Antituberculosis drugs: reducing efflux=increasing activity.

作者信息

Rodrigues Liliana, Parish Tanya, Balganesh Meenakshi, Ainsa José A

机构信息

Grupo de Genética de Micobacterias, Departamento de Microbiología, Medicina Preventiva y Salud Pública, Facultad de Medicina and BIFI, Universidad de Zaragoza, Zaragoza, Spain; CIBER Enfermedades Respiratorias (CIBERES), Madrid, Spain; Fundación Agencia Aragonesa para la Investigación y Desarrollo (ARAID), Zaragoza, Spain.

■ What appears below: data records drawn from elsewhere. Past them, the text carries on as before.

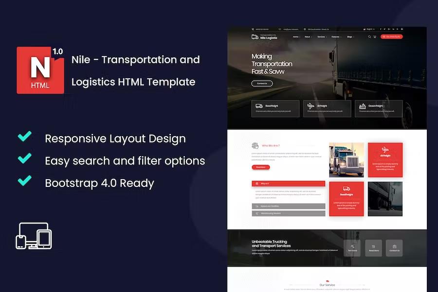 Elevate your transportation and logistics business with Nile – Transportation and Logistics HTML Template. This meticulously crafted template offers a professional, modern, and highly functional online platform designed to impress your clients and streamline your digital operations. With its sleek design, intuitive navigation, and robust feature set, Nile ensures your services are presented with clarity and impact, making it easier than ever to attract new business and build lasting customer relationships.
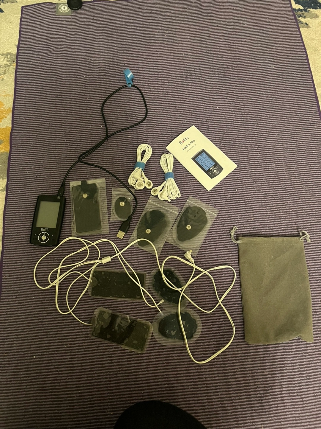 Balifu TENS & EMS machine with multiple electrode pads, wires, and a carrying pouch.
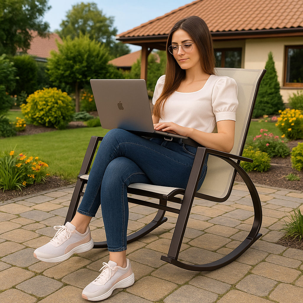 Descriere Scaun balansoar gradina metal textil, 60x104x95
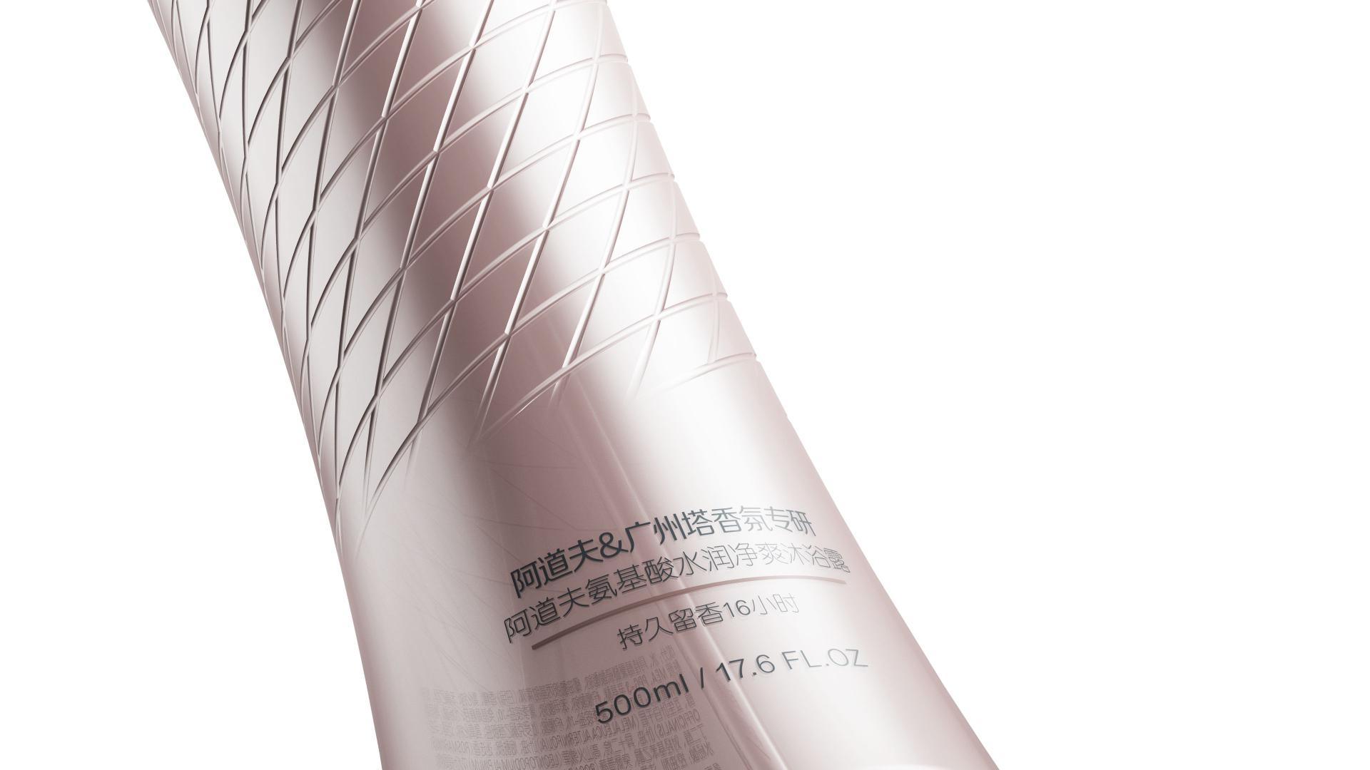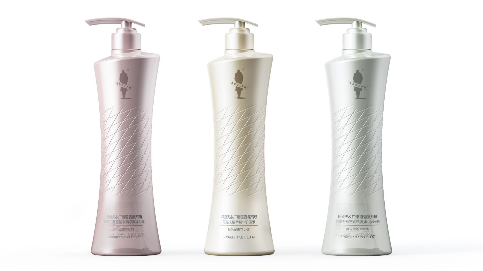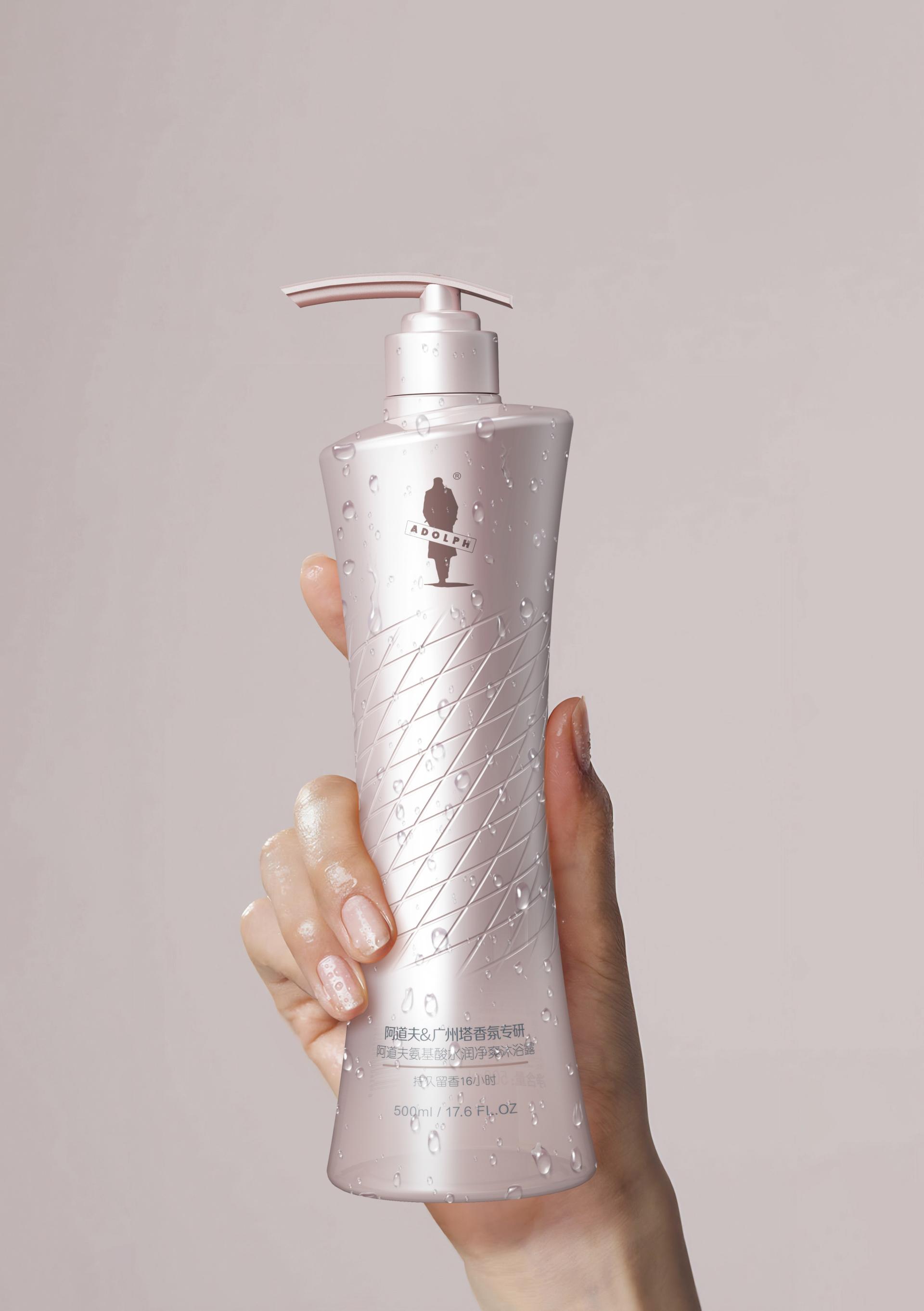Inspired by the architectural aesthetics of the Canton Tower, represented by streamlined curves, diamond patterns, and a metallic finish, Adolph Fluid Curve Series integrates regional cultural symbols with modern packaging. The bottle’s narrowed midsection mimics the tower’s curve, enhancing visual appeal while evoking immediate recognition. The diamond patterns help consumers associate the packaging with the Canton Tower through touch, reinforcing cultural identity. In addition, the metallic coating effectively blocks ultraviolet rays from sunlight, slowing material aging to preserve long-term product quality. Ergonomic considerations are also integral to the design. The narrowed midsection fits comfortably in the space between the thumb and forefinger, while the diamond-patterned texture improves the grip in wet conditions—addressing the common problem of slippage with traditional cylindrical bottles.
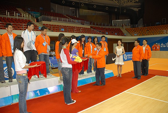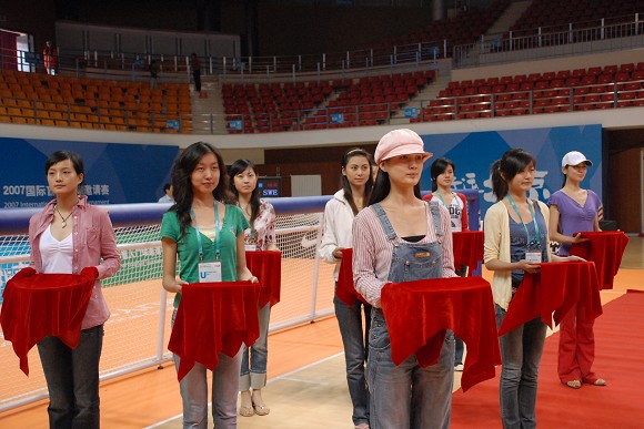 青春亮丽的女大学生们负责赛事的礼仪工作。
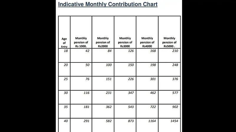 Suppose you are a 25-year-old and wish to get a pension of Rs 1,000 per month after you attain 60 years. For that, you will have to contribute Rs 76 per month. Likewise, if you want Rs 5,000 per month, then you will have to contribute Rs 376 per month (see table).
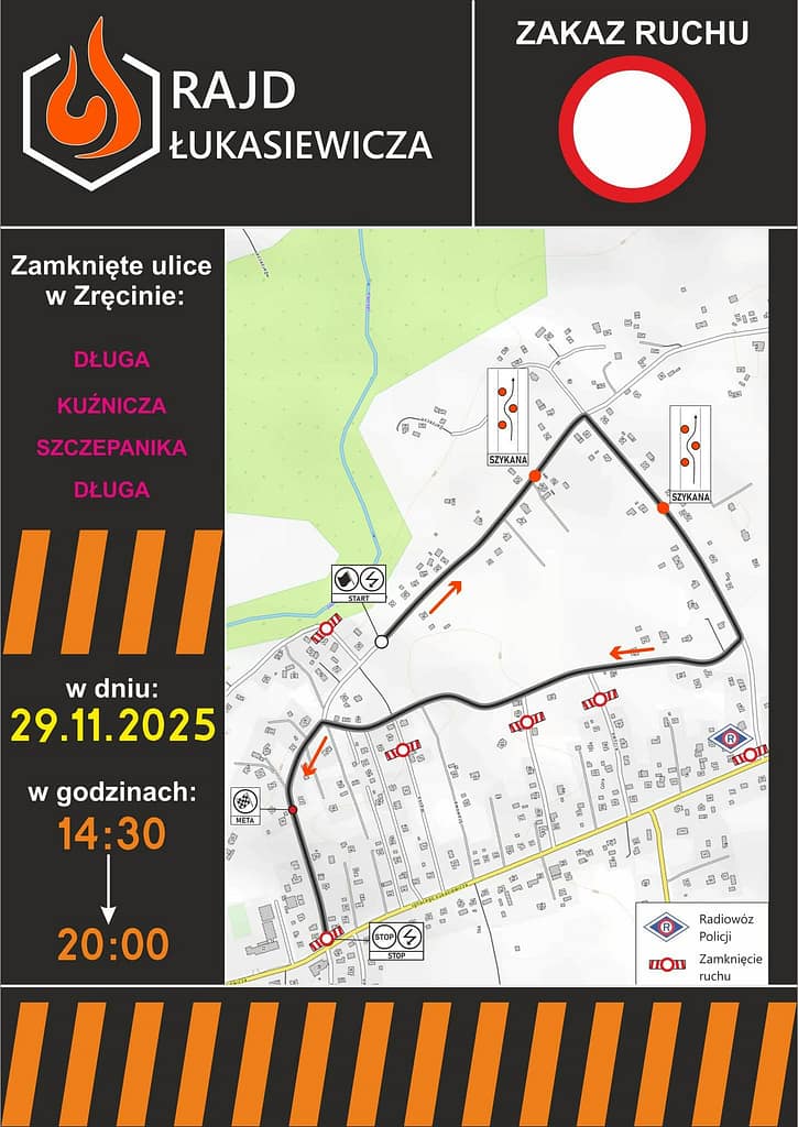 W najbliższą sobotę, 29 listopada 2025 roku, nasza gmina, w tym bezpośrednio Zręcin, stanie się areną sportowej rywalizacji podczas Rajdu Łukasiewicza. Choć jest to ekscytujące wydarzenie motoryzacyjne, oznacza ono również poważne utrudnienia w ruchu drogowym na wyznaczonych odcinkach specjalnych.
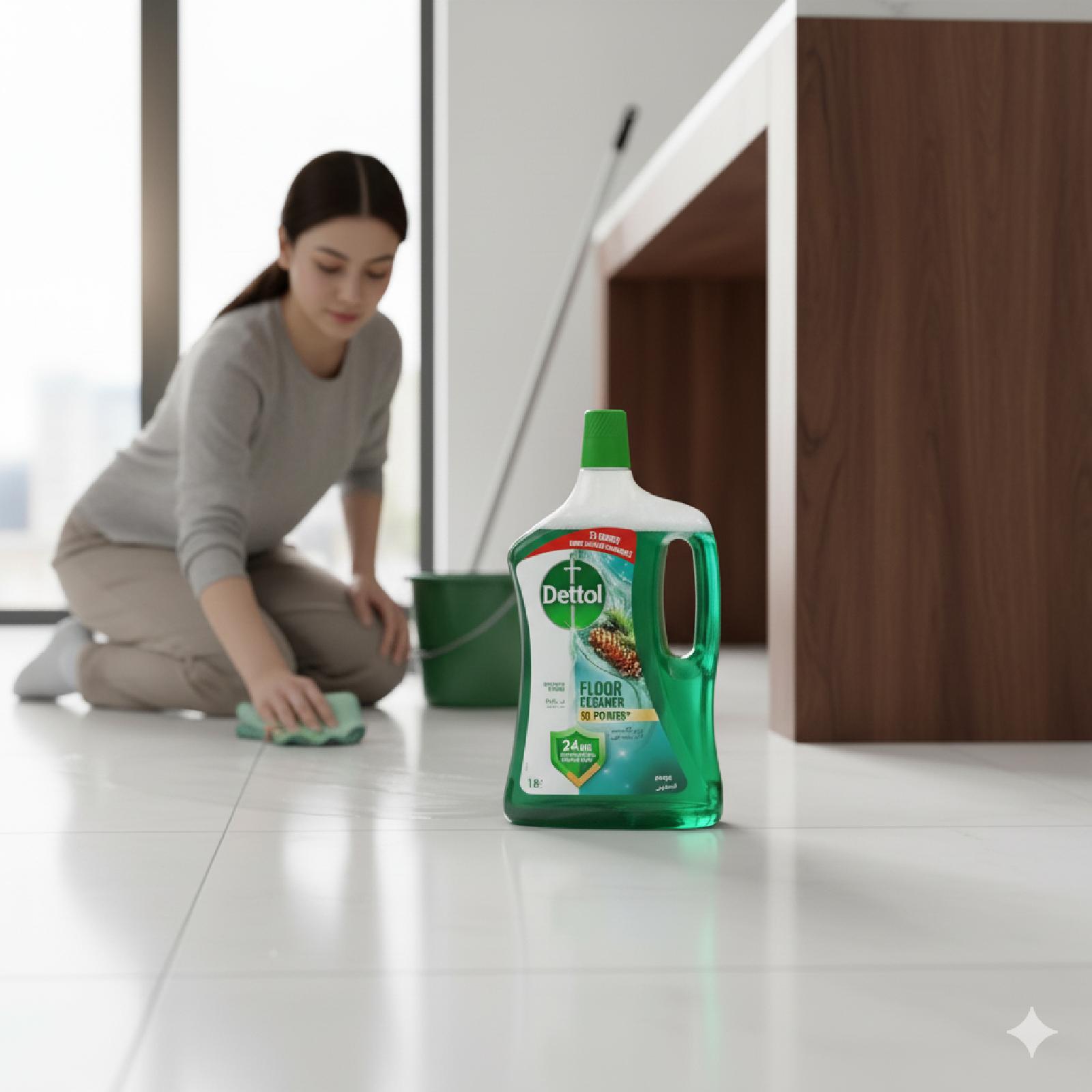 منظف الأرضيات يتميز بقوة مضادة للبكتيريا ويقضي على 99٫9٪ من الجراثيم ضد الاوساخ والغبار ينظف الأرضيات والأسطح الصلبة، بما في ذلك الخشب المُغلق وبلاط البورسلين والمشمع.
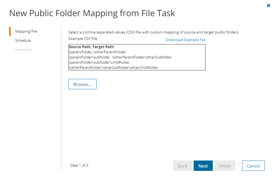 • You can download a CSV template when you start the New Public Folder Mapping from File Task wizard and click Download Example File from the Mapping File step.

TB Discovery Research, Infectious Disease Research Institute, Seattle, WA, USA.

出版信息

Drug Discov Today. 2017 Mar;22(3):592-599. doi: 10.1016/j.drudis.2017.01.002. Epub 2017 Jan 13.

Abstract

In mycobacteria, it was assumed that efflux pumps only had a marginal role in drug resistance. In recent years, owing to the need to find novel drugs against multidrug-resistant tuberculosis, it has become clear that efflux should not be ignored. Although efflux inhibitors have been very useful for characterizing in vitro the properties of efflux pumps, their usefulness in vivo is limited because of their toxicity. Alternatively, programs aimed at discovering novel drugs for treating tuberculosis should implement strategies to characterize efflux liability of candidate drugs. Here, we present an experimental approach for studying efflux of compounds selected under the More Medicines for Tuberculosis research project, and a few examples of how, for tuberculosis drug discovery, efflux matters.

摘要

在分枝杆菌中,人们曾认为外排泵在耐药性方面仅起次要作用。近年来,由于需要寻找针对耐多药结核病的新型药物,外排现象显然不应被忽视。尽管外排抑制剂对于在体外表征外排泵的特性非常有用,但由于其毒性,它们在体内的效用有限。另外,旨在发现治疗结核病新药的项目应实施策略来表征候选药物的外排倾向。在此,我们提出一种实验方法,用于研究在“更多结核病药物”研究项目下所选化合物的外排情况,并举例说明外排在结核病药物研发中的重要性。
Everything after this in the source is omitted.